To consider Terence Atmane’s run to the Cincinnati Open semifinals is to imagine the impossible, at least what we once deemed undoable. Just consider the 23-year-old Frenchman’s year: In March, he was in danger of falling outside the Top 200 in the PIF ATP Rankings. Outside of a pair of low-level ATP Challenger Tour titles in Busan and Guangzhou, the lefthander has spent much of 2025 merely trying to string a few wins together. In his own words, the confessed Pokémon/Fortnite/Minecraft fanatic came here just hoping to get a few matches in on the American hard courts leading into the season’s last Grand Slam, the US Open.

He’s got that and more, and we’re all the better for it. If you like Cinderella stories, this one’s a doozy. All Atmane has done is upend Japan’s Yoshihito Nishioka, 15th seed Flavio Cobolli, #NextGenATP star Joao Fonseca, fourth seed Taylor Fritz and seventh seed Holger Rune in the main draw, at No. 136 the lowest ranked player to earn multiple Top-10 wins at the same event since No. 152 Borna Coric earned three en route to the 2022 Cincinnati Open title. He’s catapulted himself to No. 69 in the live rankings, and could go further. Atmane, who’s endeared himself to Cincinnatians by flashing Reds and Bengals gear, says these are “the best days of my life.”

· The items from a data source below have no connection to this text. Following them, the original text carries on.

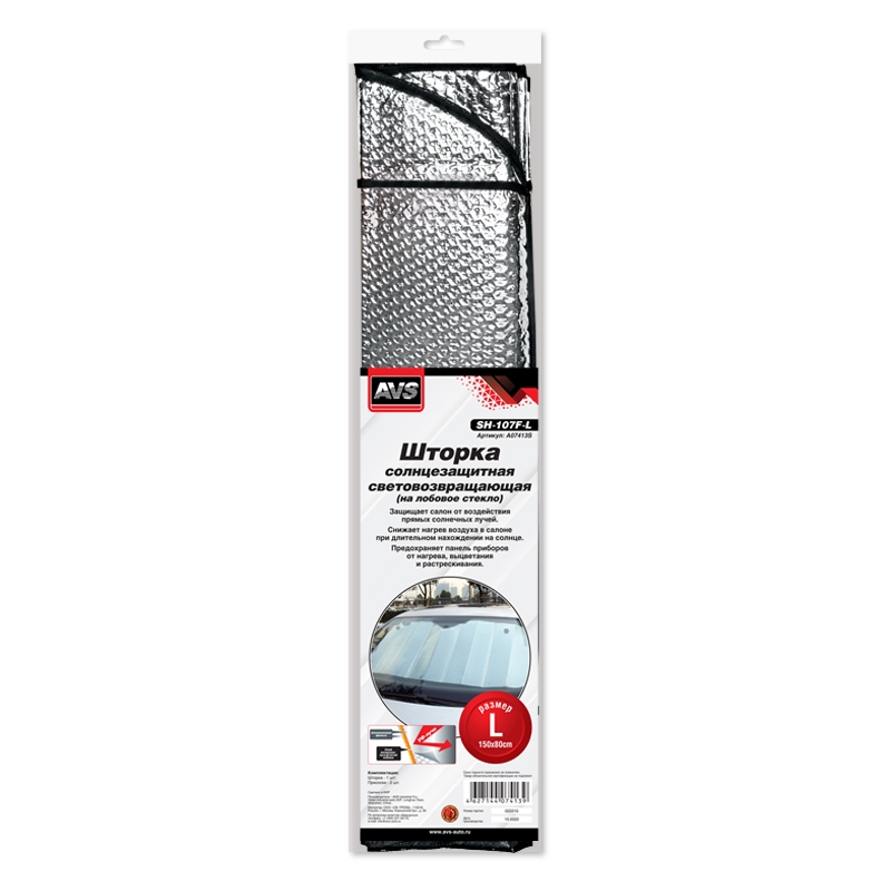 A07413S AVS Шторка автомобильная для лобового стекла 150х80см светоотражающая "Single Bubble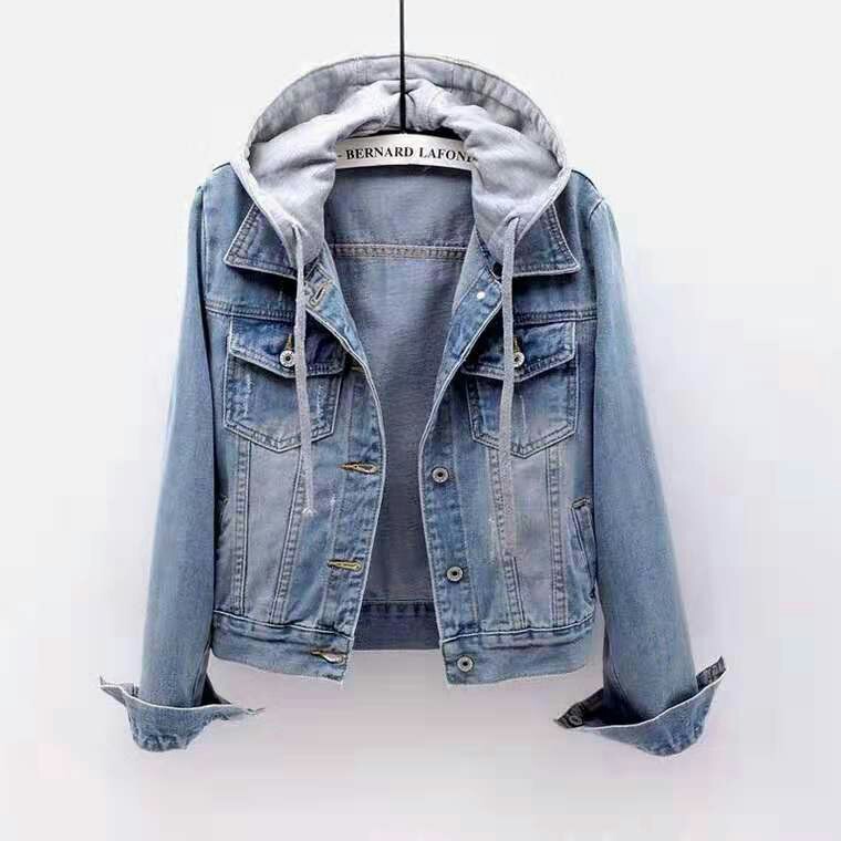 데님 코트 여성의 봄과 가을 2024 새로운 짧은 한국식 긴팔 슬림 핏 후드 자켓
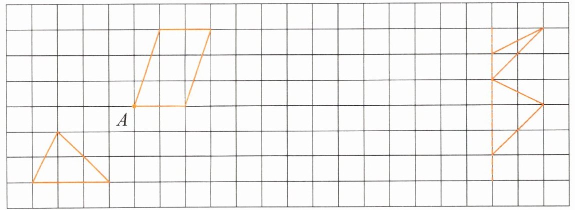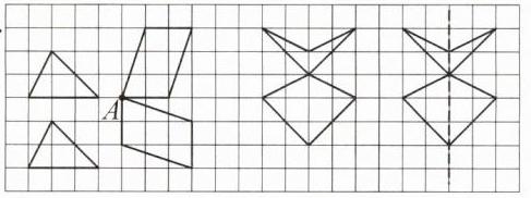 (3)把最右边的图形补全,使它成为轴对称图形,并把整个图形向左平移6格。

But the man they call ‘The Magician’ (he loves card tricks and other sleights of hand) is in the big time now, matched up against world No. 1 and defending champion Jannik Sinner in his first-ever Masters 1000 semifinal. To pull off another Top-10 shocker, he’ll have to tap into the kind of go-for- broke, go-for-the-lines approach that has brought him so much success at the Lindner Family Tennis Center. Sinner, the reigning US Open, Australian Open and Wimbledon champ, has separated himself from the pack along with ‘Sincaraz’ counterpart Carlos Alcaraz. Few have been able to match their level the past two years. But who knows? As Mr. Atmane has reminded us this week, the unreachable is sometimes within reach when you believe in yourself.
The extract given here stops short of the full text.